校長訓戒を受けた生徒に 罰当番や早朝登校、居残り、学習課題 反省文や、日記指導などをさせることは 文科省が認めています。
謹慎
謹慎は正式な処分ではなく、学校側の「生活指導上の措置」です。
したがって教育委員会への報告の必要はなく、謹慎期間中は欠席扱いとなります。
調査書などの記録には「自己都合による欠席」のようにしか残らないので、一般的には分からないので受験などで不利になることはありません。
謹慎の実施の期間は、学校長の裁量で決まります。
訓告
訓告は「学校教育法施行規則」で定められた法的効果を伴う懲戒処分です。
- 指導要録(法定の公式記録)の賞罰欄には必ず記録されます。
- 学校が受験時や就職時に作成する調査書には必ず記載されます。
公立高校なら教育委員会へ報告しなければなりません。
訓告をすごく軽い処分と考えている方もいますが、訓告は懲戒ですので調査書に記載されます。
停学と違うのは出席停止を伴うか(停学)、伴わないか(訓告)です。
停学
停学は「学校教育法施行規則」に定められた法的効果を伴う懲戒処分です。
- 指導要録(法定の公式記録)の賞罰欄には必ず記録されます。
- 学校が受験時や就職時に作成する調査書には必ず記載されます。
公立高校なら教育委員会へ報告しなければなりません。
調査書などの記録には出席停止となり、欠席にはなりませんが「出席停止の事由」の欄に「懲戒処分による停学○日」のように記録されるので、受験などいろいろと不利になります。

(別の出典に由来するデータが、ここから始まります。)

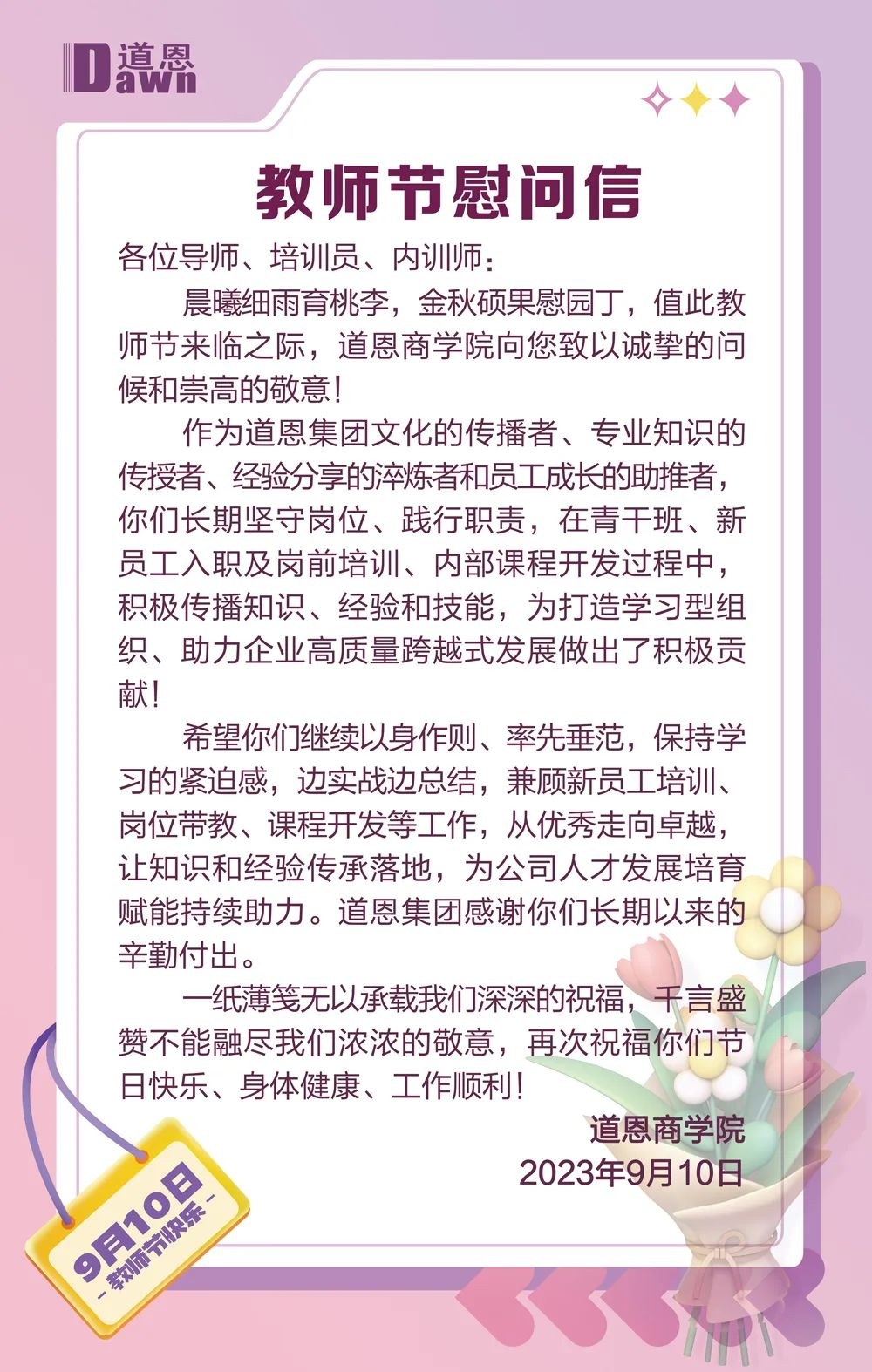 多年來,道恩集團始終崇尚尊師重道,致力于支持教育事業(yè)發(fā)展的同時,在企業(yè)內部精心打造了道恩商學院,構建了完善的培養(yǎng)體系,深入推行導師制,培養(yǎng)了高素質的內訓師隊伍。教師節(jié)前夕,道恩商學院向廣大導師、培訓員和內訓師致信表示慰問。

停学も謹慎と同じで、実施の期間は、学校長の裁量で決まります。
停学は大抵が一週間単位で実施され、反省の度合いを確かめて解除日が決められます。
最短で一週間、最長でも二週間、こじれたら三週間ぐらいが多いとのことです。
無期停学と停学の違いとは?
無期停学は停学と同じで「学校教育法施行規則」に定められた法的効果を伴う懲戒処分です。
- 指導要録(法定の公式記録)の賞罰欄には必ず記録されます。
- 学校が受験時や就職時に作成する調査書には必ず記載されます。
停学と無期停学の違いは、予め期間を定めず出席を停止する処分と言うことです。
無期停学も停学と同じで、公立高校なら教育委員会へ報告しなければなりません。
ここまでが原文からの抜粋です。